[Recorded information]

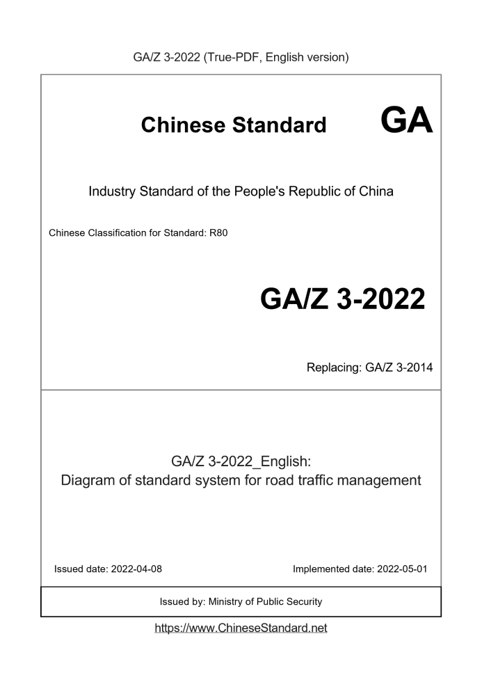 Basic dataStandard ID: GA/Z 3-2022 (GA/Z3-2022)Description (Translated English): Diagram of standard system for road traffic management Sector / Industry: Public Security (Police) Industry Standard Classification of Chinese Standard: R80 Classification of International Standard: 03.220.01 Word Count Estimation: 54,544 Date of Issue: 2022-04-08 Date of Implementation: 2022-05-01 Older Standard (superseded by this standard): GA/Z 3-2014 Issuing agency(ies): Ministry of Public Security Summary: This standard applies to the compilation and revision of road traffic management standards. GAZ3-2022: Diagram of standard system for road traffic management---This is a DRAFT version for illustration, not a final translation. Full copy of true-PDF in English version (including equations, symbols, images, flow-chart, tables, and figures etc.) will be manually/carefully translated upon your order.ICS03:220:01 CCSR80 Standardization Guiding Technical Documents of the Public Security Industry of the People's Republic of China Replace GA /Z3-2014 Road traffic management standard system table Released on 2022-04-08 2022-05-01 Implementation Released by the Ministry of Public Security of the People's Republic of China table of contentsPreface I 1 Scope 1 2 Normative references 1 3 Terms and Definitions 1 4 Standard Code Coding Rules 1 5 Road Traffic Management Standard Architecture 2 6 Standard Schedule 3 6:1 Basic Standard 3 6:1:1 Terms and symbols 3 6:1:2 General principles and guidelines 4 6:2 Technical and management standards 5 6:2:1 Traffic participant management 5 6:2:2 Vehicle operation safety 10 6:2:3 Traffic organization 15 6:2:4 Law enforcement on duty 23 6:2:5 Traffic accidents 29 6:2:6 Intelligent traffic management 34 7 Standard statistical tables 49forewordThis document is in accordance with the provisions of GB/T 1:1-2020 "Guidelines for Standardization Work Part 1: Structure and Drafting Rules for Standardization Documents" to be drafted: This document replaces GA /Z3-2014 "Road Traffic Management Standard System Table": Compared with GA /Z3-2014, except for structural adjustment and compilation In addition to editorial changes, the main technical changes are as follows: a) Changed the definition of the road traffic management standard system (see 3:1, 3:1 of the:2014 edition); b) Deleted the term basic standard (see 3:2 of the:2014 edition); c) Deleted the term technical standard (see 3:3 of the:2014 edition); d) Terminology management standard is deleted (see 3:4 of the:2014 edition); e) Changed the road traffic management standard system structure diagram (see Chapter 5, 5:1 of the:2014 edition); f) Deleted the road traffic management standard classification table (see 5:2 of the:2014 edition); g) Changed the content of the standard schedule (see Chapter 6, Chapter 6 of the:2014 edition); h) Deleted the preparation instructions (see Chapter 7 of the:2014 edition); i) The contents of the standard statistical tables have been changed (see Chapter 7, Chapter 8 of the:2014 edition): Please note that some contents of this document may refer to patents: The issuing agency of this document assumes no responsibility for identifying patents: This document is proposed and managed by the National Road Traffic Management Standardization Technical Committee (SAC/TC576): This document is drafted by: National Road Traffic Management Standardization Technical Committee, Ministry of Public Security Traffic Management Science Research Institute: The main drafters of this document: Wang Junji, Pan Hanzhong, Wang Changjun, Wang Xiaoyan, Ying Chaoyang, Qiu Hongtong, Sun Wei, Sun Xiuping: The release status of previous versions of this document and the documents it replaces are as follows: ---GA /Z3-2008; ---GA /Z3-2014; --- This is the third revision: Road traffic management standard system table1 ScopeThis document specifies the structure and basic content of the road traffic management standard system table: This document is applicable to the preparation and revision of road traffic management standards:2 Normative referencesThe contents of the following documents constitute the essential provisions of this document through normative references in the text: Among them, dated references For documents, only the version corresponding to the date is applicable to this document; for undated reference documents, the latest version (including all amendments) is applicable to this document: GA/T 1136-2014 Public Security Industry Standard System Table Compilation Rules3 Terms and DefinitionsThe following terms and definitions apply to this document: 3:1 Standards in road traffic management and related fields are a scientific organic whole formed by their internal relations:4 standard coding rulesIn the road traffic management standard system table, the standard code coding rules should meet the requirements of Chapter 7 of GA/T 1136-2014, such as Figure 1 shows: Figure 1 Public safety industry standard code coding rules The public safety industry standard code is divided into 8 layers, composed of Arabic numerals and letters, with a total of 13 digits: The specific instructions are as follows: The first layer: divided according to the standard category, represented by 1 digit as Arabic numerals: Among them: 1 means basic standard; 2 means technical standard; 3 ......Tips & Frequently Asked Questions:Question 1: How long will the true-PDF of GAZ3-2022_English be delivered?Answer: Upon your order, we will start to translate GAZ3-2022_English as soon as possible, and keep you informed of the progress. The lead time is typically 5 ~ 8 working days. The lengthier the document the longer the lead time.Question 2: Can I share the purchased PDF of GAZ3-2022_English with my colleagues?Answer: Yes. The purchased PDF of GAZ3-2022_English will be deemed to be sold to your employer/organization who actually pays for it, including your colleagues and your employer's intranet.Question 3: Does the price include tax/VAT?Answer: Y
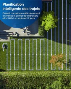 Démarrage rapide avec Press & Mow : Finies les configurations compliquées et les menus interminables. Il suffit d’appuyer sur les boutons Start et OK pour que la tondeuse démarre automatiquement et commence à tondre votre pelouse. Profitez d’un accès rapide et facile à une pelouse bien entretenue, ce qui vous fait gagner du temps et des efforts.
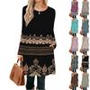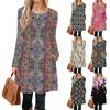 Women's Long Sleeve Pleated Round Neck Floral Print Casual Dress With Pockets
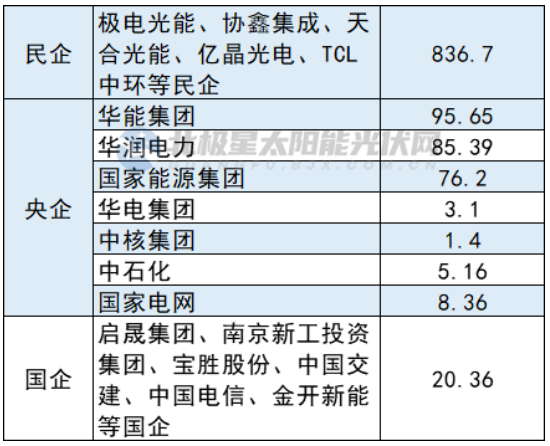从业主备案规模来看,主要分为央企、地方国企及民营光伏企业三大阵营。

[/Recorded information]

§ Activity
Every line of the listing should be copied precisely, with images omitted.

§ Problem solution
 Basic dataStandard ID: GA/Z 3-2022 (GA/Z3-2022)Description (Translated English): Diagram of standard system for road traffic management Sector / Industry: Public Security (Police) Industry Standard Classification of Chinese Standard: R80 Classification of International Standard: 03.220.01 Word Count Estimation: 54,544 Date of Issue: 2022-04-08 Date of Implementation: 2022-05-01 Older Standard (superseded by this standard): GA/Z 3-2014 Issuing agency(ies): Ministry of Public Security Summary: This standard applies to the compilation and revision of road traffic management standards. GAZ3-2022: Diagram of standard system for road traffic management---This is a DRAFT version for illustration, not a final translation. Full copy of true-PDF in English version (including equations, symbols, images, flow-chart, tables, and figures etc.) will be manually/carefully translated upon your order.ICS03:220:01 CCSR80 Standardization Guiding Technical Documents of the Public Security Industry of the People's Republic of China Replace GA /Z3-2014 Road traffic management standard system table Released on 2022-04-08 2022-05-01 Implementation Released by the Ministry of Public Security of the People's Republic of China table of contentsPreface I 1 Scope 1 2 Normative references 1 3 Terms and Definitions 1 4 Standard Code Coding Rules 1 5 Road Traffic Management Standard Architecture 2 6 Standard Schedule 3 6:1 Basic Standard 3 6:1:1 Terms and symbols 3 6:1:2 General principles and guidelines 4 6:2 Technical and management standards 5 6:2:1 Traffic participant management 5 6:2:2 Vehicle operation safety 10 6:2:3 Traffic organization 15 6:2:4 Law enforcement on duty 23 6:2:5 Traffic accidents 29 6:2:6 Intelligent traffic management 34 7 Standard statistical tables 49forewordThis document is in accordance with the provisions of GB/T 1:1-2020 "Guidelines for Standardization Work Part 1: Structure and Drafting Rules for Standardization Documents" to be drafted: This document replaces GA /Z3-2014 "Road Traffic Management Standard System Table": Compared with GA /Z3-2014, except for structural adjustment and compilation In addition to editorial changes, the main technical changes are as follows: a) Changed the definition of the road traffic management standard system (see 3:1, 3:1 of the:2014 edition); b) Deleted the term basic standard (see 3:2 of the:2014 edition); c) Deleted the term technical standard (see 3:3 of the:2014 edition); d) Terminology management standard is deleted (see 3:4 of the:2014 edition); e) Changed the road traffic management standard system structure diagram (see Chapter 5, 5:1 of the:2014 edition); f) Deleted the road traffic management standard classification table (see 5:2 of the:2014 edition); g) Changed the content of the standard schedule (see Chapter 6, Chapter 6 of the:2014 edition); h) Deleted the preparation instructions (see Chapter 7 of the:2014 edition); i) The contents of the standard statistical tables have been changed (see Chapter 7, Chapter 8 of the:2014 edition): Please note that some contents of this document may refer to patents: The issuing agency of this document assumes no responsibility for identifying patents: This document is proposed and managed by the National Road Traffic Management Standardization Technical Committee (SAC/TC576): This document is drafted by: National Road Traffic Management Standardization Technical Committee, Ministry of Public Security Traffic Management Science Research Institute: The main drafters of this document: Wang Junji, Pan Hanzhong, Wang Changjun, Wang Xiaoyan, Ying Chaoyang, Qiu Hongtong, Sun Wei, Sun Xiuping: The release status of previous versions of this document and the documents it replaces are as follows: ---GA /Z3-2008; ---GA /Z3-2014; --- This is the third revision: Road traffic management standard system table1 ScopeThis document specifies the structure and basic content of the road traffic management standard system table: This document is applicable to the preparation and revision of road traffic management standards:2 Normative referencesThe contents of the following documents constitute the essential provisions of this document through normative references in the text: Among them, dated references For documents, only the version corresponding to the date is applicable to this document; for undated reference documents, the latest version (including all amendments) is applicable to this document: GA/T 1136-2014 Public Security Industry Standard System Table Compilation Rules3 Terms and DefinitionsThe following terms and definitions apply to this document: 3:1 Standards in road traffic management and related fields are a scientific organic whole formed by their internal relations:4 standard coding rulesIn the road traffic management standard system table, the standard code coding rules should meet the requirements of Chapter 7 of GA/T 1136-2014, such as Figure 1 shows: Figure 1 Public safety industry standard code coding rules The public safety industry standard code is divided into 8 layers, composed of Arabic numerals and letters, with a total of 13 digits: The specific instructions are as follows: The first layer: divided according to the standard category, represented by 1 digit as Arabic numerals: Among them: 1 means basic standard; 2 means technical standard; 3 ......Tips & Frequently Asked Questions:Question 1: How long will the true-PDF of GAZ3-2022_English be delivered?Answer: Upon your order, we will start to translate GAZ3-2022_English as soon as possible, and keep you informed of the progress. The lead time is typically 5 ~ 8 working days. The lengthier the document the longer the lead time.Question 2: Can I share the purchased PDF of GAZ3-2022_English with my colleagues?Answer: Yes. The purchased PDF of GAZ3-2022_English will be deemed to be sold to your employer/organization who actually pays for it, including your colleagues and your employer's intranet.Question 3: Does the price include tax/VAT?Answer: Y
 Démarrage rapide avec Press & Mow : Finies les configurations compliquées et les menus interminables. Il suffit d’appuyer sur les boutons Start et OK pour que la tondeuse démarre automatiquement et commence à tondre votre pelouse. Profitez d’un accès rapide et facile à une pelouse bien entretenue, ce qui vous fait gagner du temps et des efforts.
 Women's Long Sleeve Pleated Round Neck Floral Print Casual Dress With Pockets
从业主备案规模来看,主要分为央企、地方国企及民营光伏企业三大阵营。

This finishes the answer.